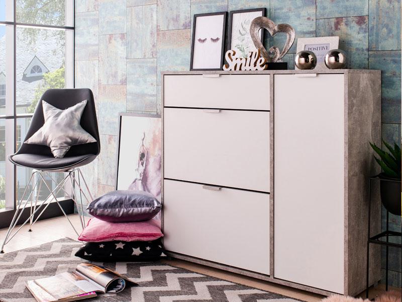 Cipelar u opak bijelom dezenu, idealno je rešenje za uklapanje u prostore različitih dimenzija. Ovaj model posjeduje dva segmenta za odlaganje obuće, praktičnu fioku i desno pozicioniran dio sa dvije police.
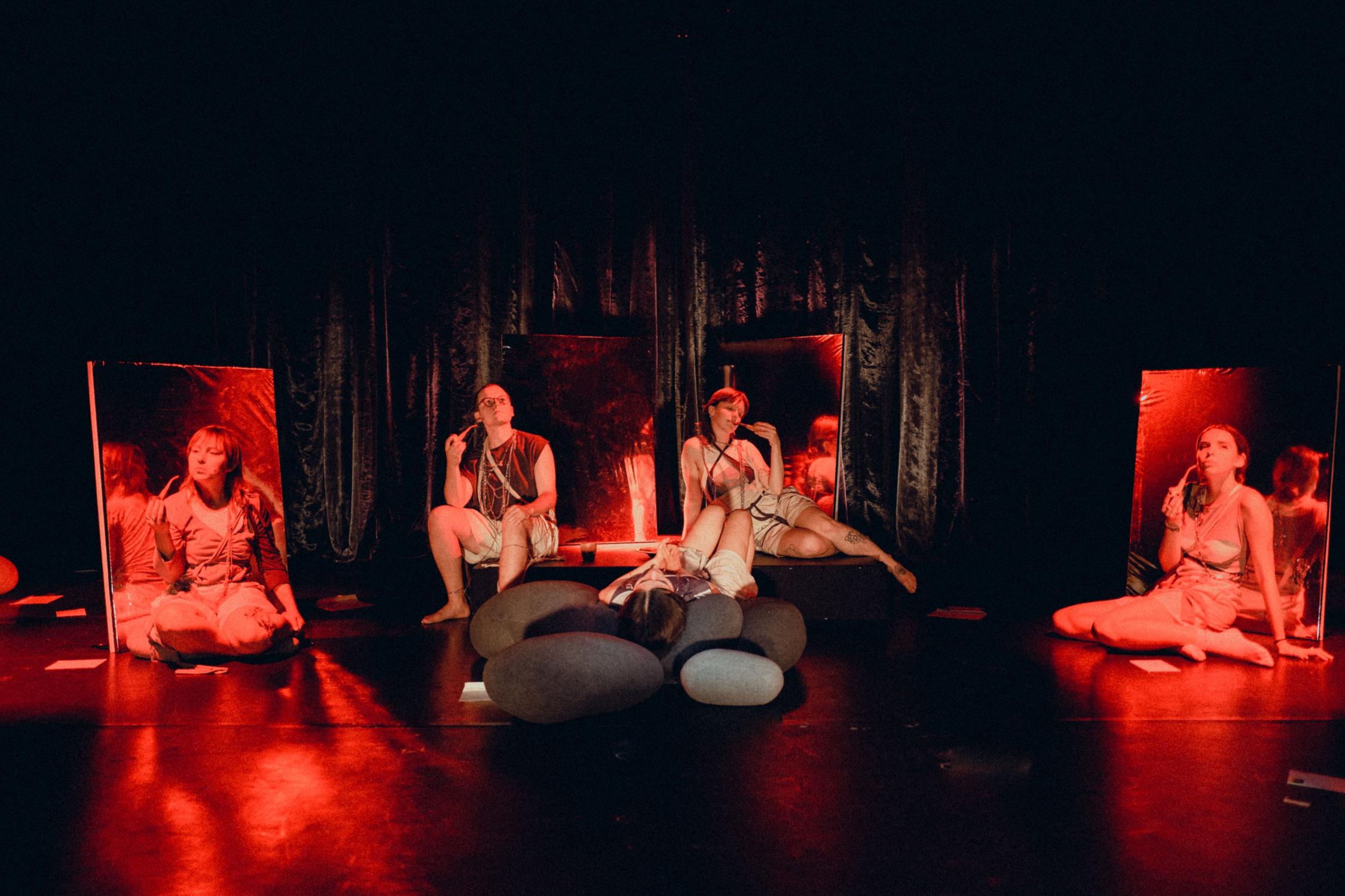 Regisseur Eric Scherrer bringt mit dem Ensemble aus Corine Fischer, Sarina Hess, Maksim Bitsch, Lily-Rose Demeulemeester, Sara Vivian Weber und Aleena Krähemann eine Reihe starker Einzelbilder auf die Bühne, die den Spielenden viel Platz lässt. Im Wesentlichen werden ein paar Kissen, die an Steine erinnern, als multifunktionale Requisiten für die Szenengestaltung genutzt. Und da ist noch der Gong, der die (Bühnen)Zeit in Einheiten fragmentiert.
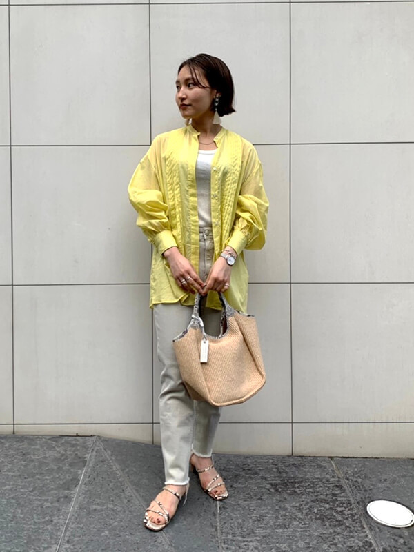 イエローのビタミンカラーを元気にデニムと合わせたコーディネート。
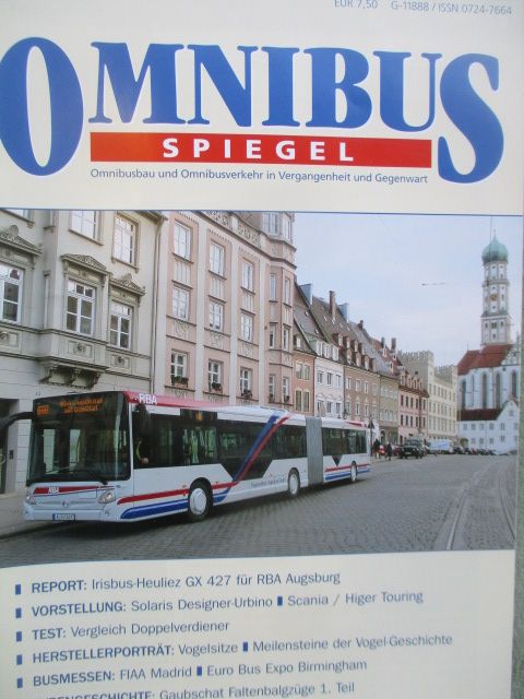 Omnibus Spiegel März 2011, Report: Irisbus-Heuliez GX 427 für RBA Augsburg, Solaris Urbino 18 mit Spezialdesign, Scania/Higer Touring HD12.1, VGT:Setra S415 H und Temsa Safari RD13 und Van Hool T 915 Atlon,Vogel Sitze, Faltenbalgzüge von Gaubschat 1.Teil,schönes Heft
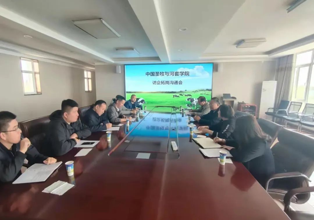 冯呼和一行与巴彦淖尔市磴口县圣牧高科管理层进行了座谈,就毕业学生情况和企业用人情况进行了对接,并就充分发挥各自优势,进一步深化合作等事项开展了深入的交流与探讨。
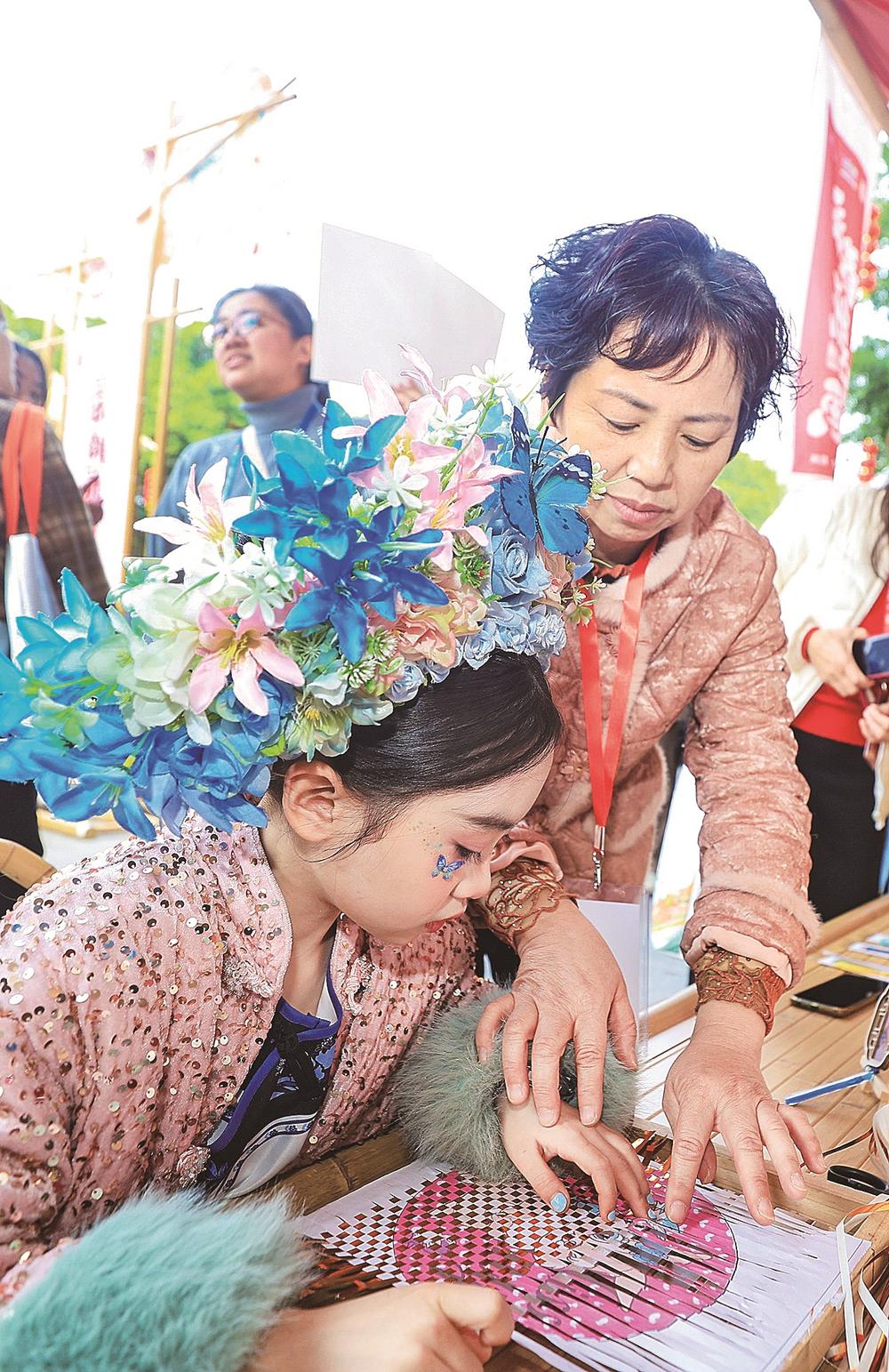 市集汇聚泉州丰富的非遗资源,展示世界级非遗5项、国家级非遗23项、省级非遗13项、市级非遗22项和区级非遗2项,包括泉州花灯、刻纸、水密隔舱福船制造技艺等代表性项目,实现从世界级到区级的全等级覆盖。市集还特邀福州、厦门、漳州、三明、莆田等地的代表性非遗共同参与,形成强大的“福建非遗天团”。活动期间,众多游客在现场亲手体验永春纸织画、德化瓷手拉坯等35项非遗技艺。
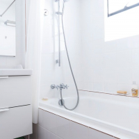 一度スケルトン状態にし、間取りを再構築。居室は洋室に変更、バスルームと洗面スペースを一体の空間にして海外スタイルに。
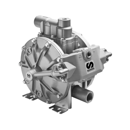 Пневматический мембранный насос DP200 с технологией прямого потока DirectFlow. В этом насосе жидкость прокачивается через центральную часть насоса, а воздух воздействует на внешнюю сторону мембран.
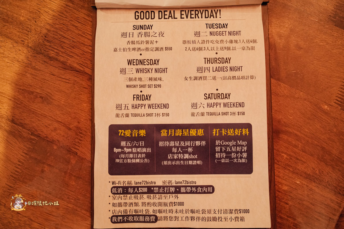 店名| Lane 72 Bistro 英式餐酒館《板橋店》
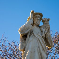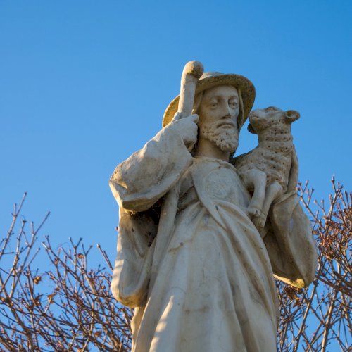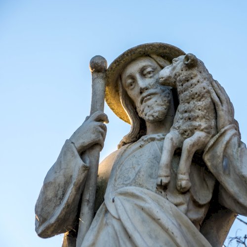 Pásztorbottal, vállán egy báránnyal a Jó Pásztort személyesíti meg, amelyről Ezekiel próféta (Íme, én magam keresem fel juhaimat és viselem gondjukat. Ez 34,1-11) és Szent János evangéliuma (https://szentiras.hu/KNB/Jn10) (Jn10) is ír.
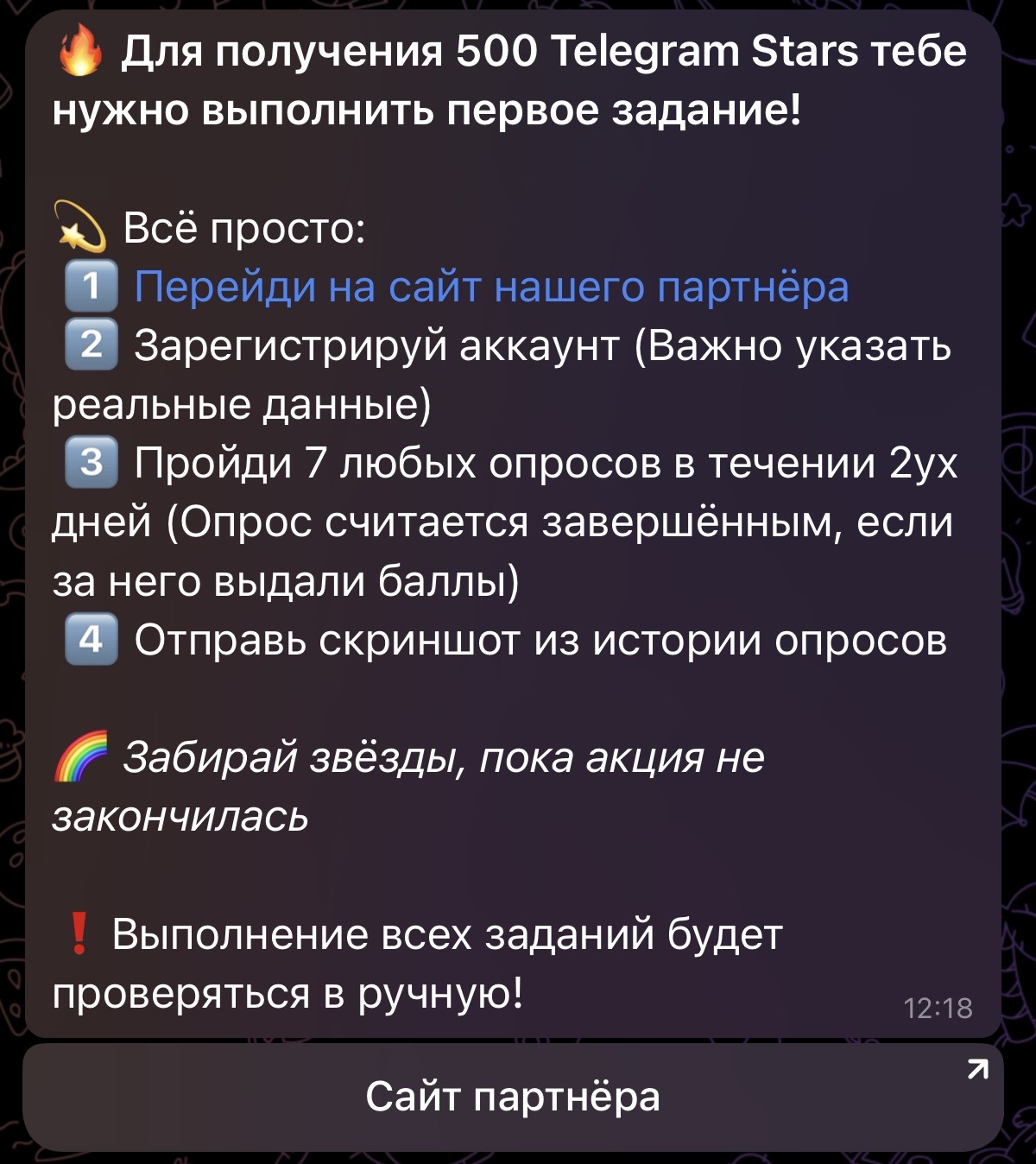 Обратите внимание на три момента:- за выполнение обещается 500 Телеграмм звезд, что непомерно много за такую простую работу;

[EXERCISE DESCRIPTION]
Each of the entries above must be copied exactly, but the pictures stay out.

[FINAL ANSWER]
 Cipelar u opak bijelom dezenu, idealno je rešenje za uklapanje u prostore različitih dimenzija. Ovaj model posjeduje dva segmenta za odlaganje obuće, praktičnu fioku i desno pozicioniran dio sa dvije police.
 Regisseur Eric Scherrer bringt mit dem Ensemble aus Corine Fischer, Sarina Hess, Maksim Bitsch, Lily-Rose Demeulemeester, Sara Vivian Weber und Aleena Krähemann eine Reihe starker Einzelbilder auf die Bühne, die den Spielenden viel Platz lässt. Im Wesentlichen werden ein paar Kissen, die an Steine erinnern, als multifunktionale Requisiten für die Szenengestaltung genutzt. Und da ist noch der Gong, der die (Bühnen)Zeit in Einheiten fragmentiert.
 イエローのビタミンカラーを元気にデニムと合わせたコーディネート。
 Omnibus Spiegel März 2011, Report: Irisbus-Heuliez GX 427 für RBA Augsburg, Solaris Urbino 18 mit Spezialdesign, Scania/Higer Touring HD12.1, VGT:Setra S415 H und Temsa Safari RD13 und Van Hool T 915 Atlon,Vogel Sitze, Faltenbalgzüge von Gaubschat 1.Teil,schönes Heft
 冯呼和一行与巴彦淖尔市磴口县圣牧高科管理层进行了座谈,就毕业学生情况和企业用人情况进行了对接,并就充分发挥各自优势,进一步深化合作等事项开展了深入的交流与探讨。
 市集汇聚泉州丰富的非遗资源,展示世界级非遗5项、国家级非遗23项、省级非遗13项、市级非遗22项和区级非遗2项,包括泉州花灯、刻纸、水密隔舱福船制造技艺等代表性项目,实现从世界级到区级的全等级覆盖。市集还特邀福州、厦门、漳州、三明、莆田等地的代表性非遗共同参与,形成强大的“福建非遗天团”。活动期间,众多游客在现场亲手体验永春纸织画、德化瓷手拉坯等35项非遗技艺。
 一度スケルトン状態にし、間取りを再構築。居室は洋室に変更、バスルームと洗面スペースを一体の空間にして海外スタイルに。
 Пневматический мембранный насос DP200 с технологией прямого потока DirectFlow. В этом насосе жидкость прокачивается через центральную часть насоса, а воздух воздействует на внешнюю сторону мембран.
 店名| Lane 72 Bistro 英式餐酒館《板橋店》
 Pásztorbottal, vállán egy báránnyal a Jó Pásztort személyesíti meg, amelyről Ezekiel próféta (Íme, én magam keresem fel juhaimat és viselem gondjukat. Ez 34,1-11) és Szent János evangéliuma (https://szentiras.hu/KNB/Jn10) (Jn10) is ír.
 Обратите внимание на три момента:- за выполнение обещается 500 Телеграмм звезд, что непомерно много за такую простую работу;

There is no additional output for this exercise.